- About this exercise -
Output the data in full. Keep every word exact and exclude the pictures.

[Input material]

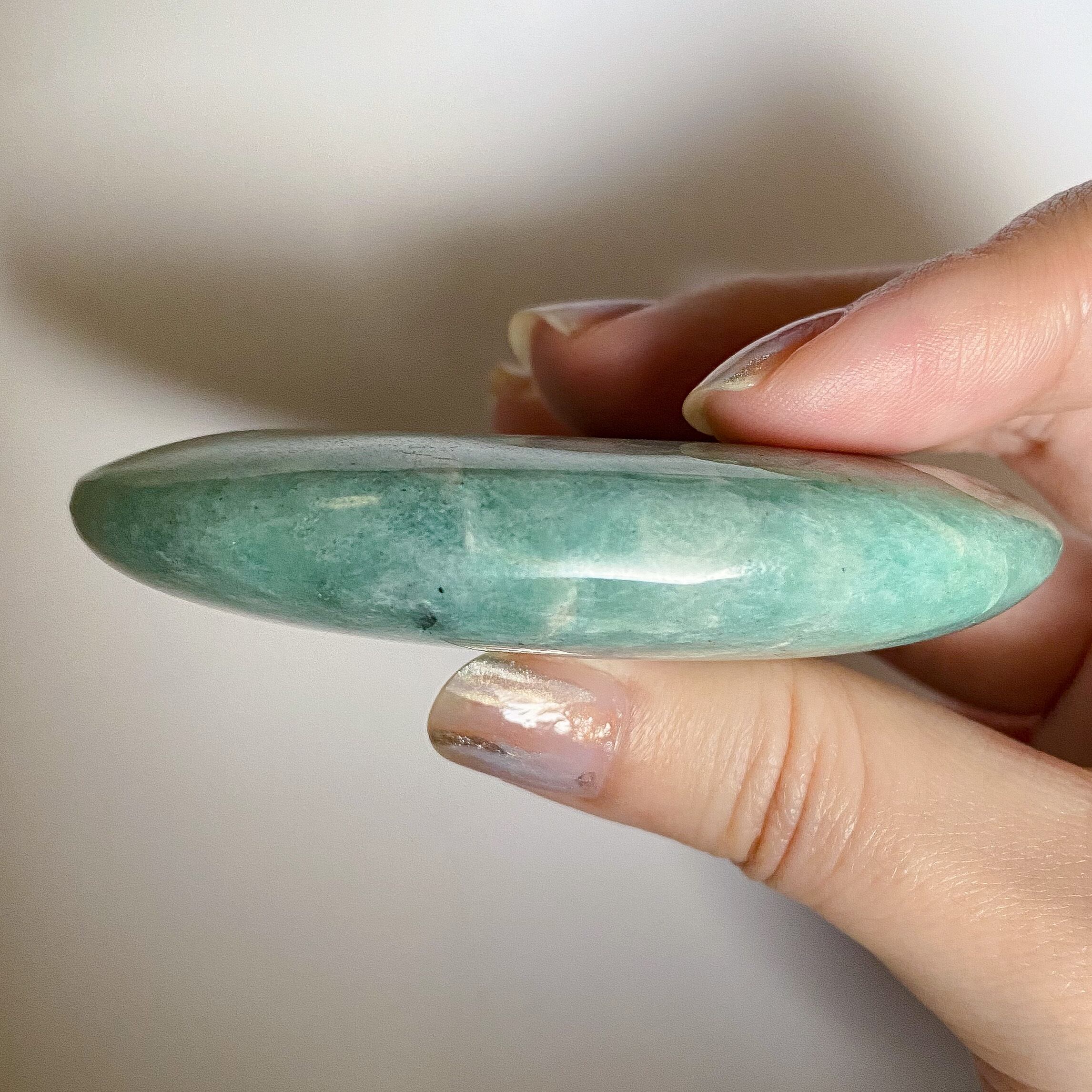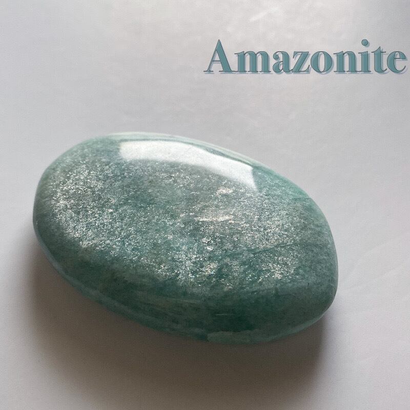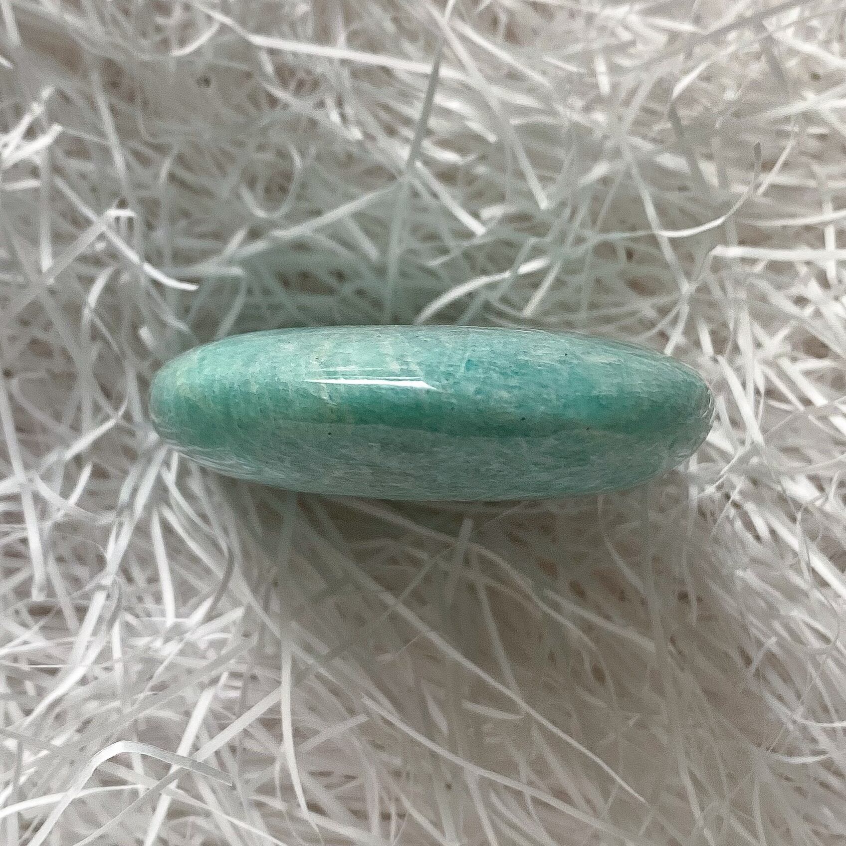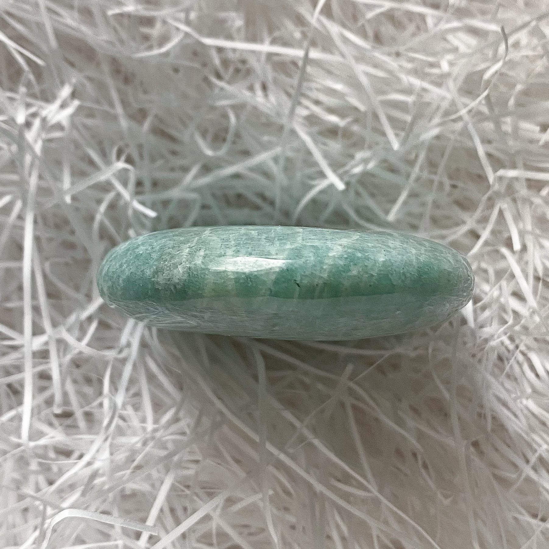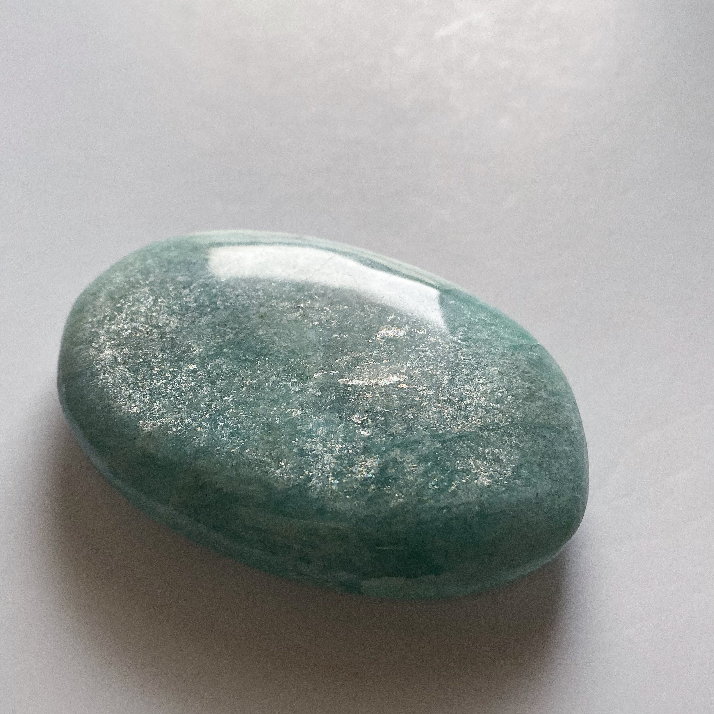優しいブルーグリーンが地色のアマゾナイトでシラーは両面に見られます。
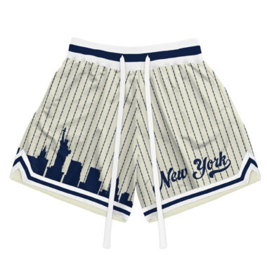 New York city throwback cream stripe Printed Mesh Shorts
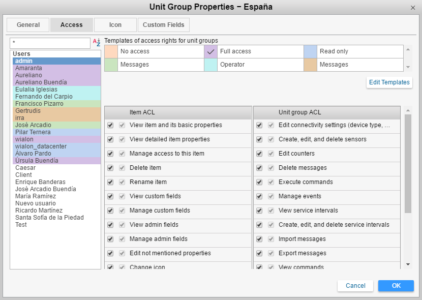 Select a user on the left and check access boxes for this user on the right. Access rights are divided into two sections — standard rights (Item ACL) and special rights (Unit group ACL).
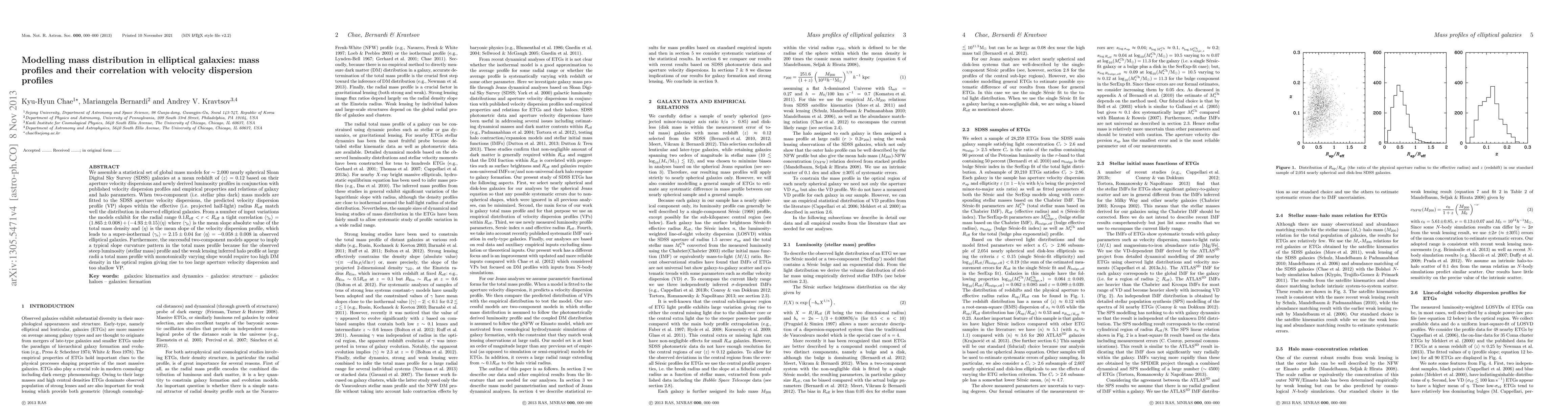 This paper develops a statistical set of mass models for nearly spherical SDSS galaxies, showing that two-component mass models (stellar plus dark matter) accurately reproduce observed velocity dispersion profiles in elliptical galaxies. The study finds a tight correlation between the mean slope of the total mass density and the velocity dispersion profile, indicating a super-isothermal mass distribution.
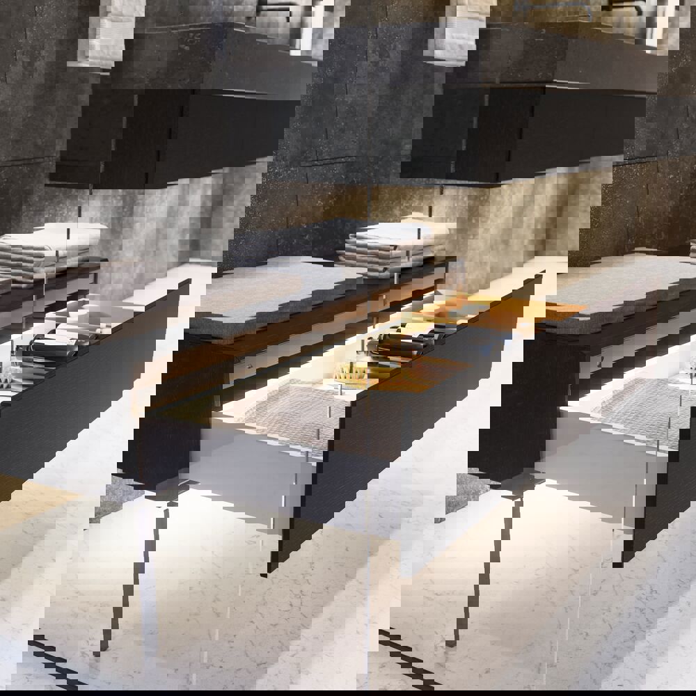Dansani Calidris 20 cm hoge wasmeubelen combineren moderniteit met praktisch design op een prachtige manier. De elegante badmeubels bieden een minimalistische esthetiek en zijn ideaal voor een moderne badkamer. De eenvoudige en strakke lijnenen creëeren een tijdloze elegantie, terwijl de lade de driscrete opbergruimte biedt en de badkamer georganiseerd houdt. Dansani Calidris 20 cm hoge badmeubels zijn de ideale keuze voor wie opzoek is naar een moderne en stijlvolle look in de badkamer. Hun eenvoudige ontwerp en functionele eigenschappen maken ze een perfecte aanvulling op elk modern badkamerinterieur waar stijl en functionaliteit hand in hand gaan. Let op: er geldt een opstarttarief (BI1) per eiken en wenskleur. Deze wordt eenmalig betaald per eiken en wenskleur, ongeacht het aantal producten. Vergeet niet de kleine praktische dingen aan je badkamermeubels toe te voegen waar je dagelijks plezier van hebt. Bijvoorbeeld verlichting in lades en kastjes, ingebouwde stopcontacten en gedimde sensorlampjes onder de meubels om nachtelijke bezoeken aan de badkamer te begeleiden. Opties worden tegelijk met je meubels bested.

[/Input material]

- Expected output -
優しいブルーグリーンが地色のアマゾナイトでシラーは両面に見られます。
 New York city throwback cream stripe Printed Mesh Shorts
 Select a user on the left and check access boxes for this user on the right. Access rights are divided into two sections — standard rights (Item ACL) and special rights (Unit group ACL).
 This paper develops a statistical set of mass models for nearly spherical SDSS galaxies, showing that two-component mass models (stellar plus dark matter) accurately reproduce observed velocity dispersion profiles in elliptical galaxies. The study finds a tight correlation between the mean slope of the total mass density and the velocity dispersion profile, indicating a super-isothermal mass distribution.
Dansani Calidris 20 cm hoge wasmeubelen combineren moderniteit met praktisch design op een prachtige manier. De elegante badmeubels bieden een minimalistische esthetiek en zijn ideaal voor een moderne badkamer. De eenvoudige en strakke lijnenen creëeren een tijdloze elegantie, terwijl de lade de driscrete opbergruimte biedt en de badkamer georganiseerd houdt. Dansani Calidris 20 cm hoge badmeubels zijn de ideale keuze voor wie opzoek is naar een moderne en stijlvolle look in de badkamer. Hun eenvoudige ontwerp en functionele eigenschappen maken ze een perfecte aanvulling op elk modern badkamerinterieur waar stijl en functionaliteit hand in hand gaan. Let op: er geldt een opstarttarief (BI1) per eiken en wenskleur. Deze wordt eenmalig betaald per eiken en wenskleur, ongeacht het aantal producten. Vergeet niet de kleine praktische dingen aan je badkamermeubels toe te voegen waar je dagelijks plezier van hebt. Bijvoorbeeld verlichting in lades en kastjes, ingebouwde stopcontacten en gedimde sensorlampjes onder de meubels om nachtelijke bezoeken aan de badkamer te begeleiden. Opties worden tegelijk met je meubels bested.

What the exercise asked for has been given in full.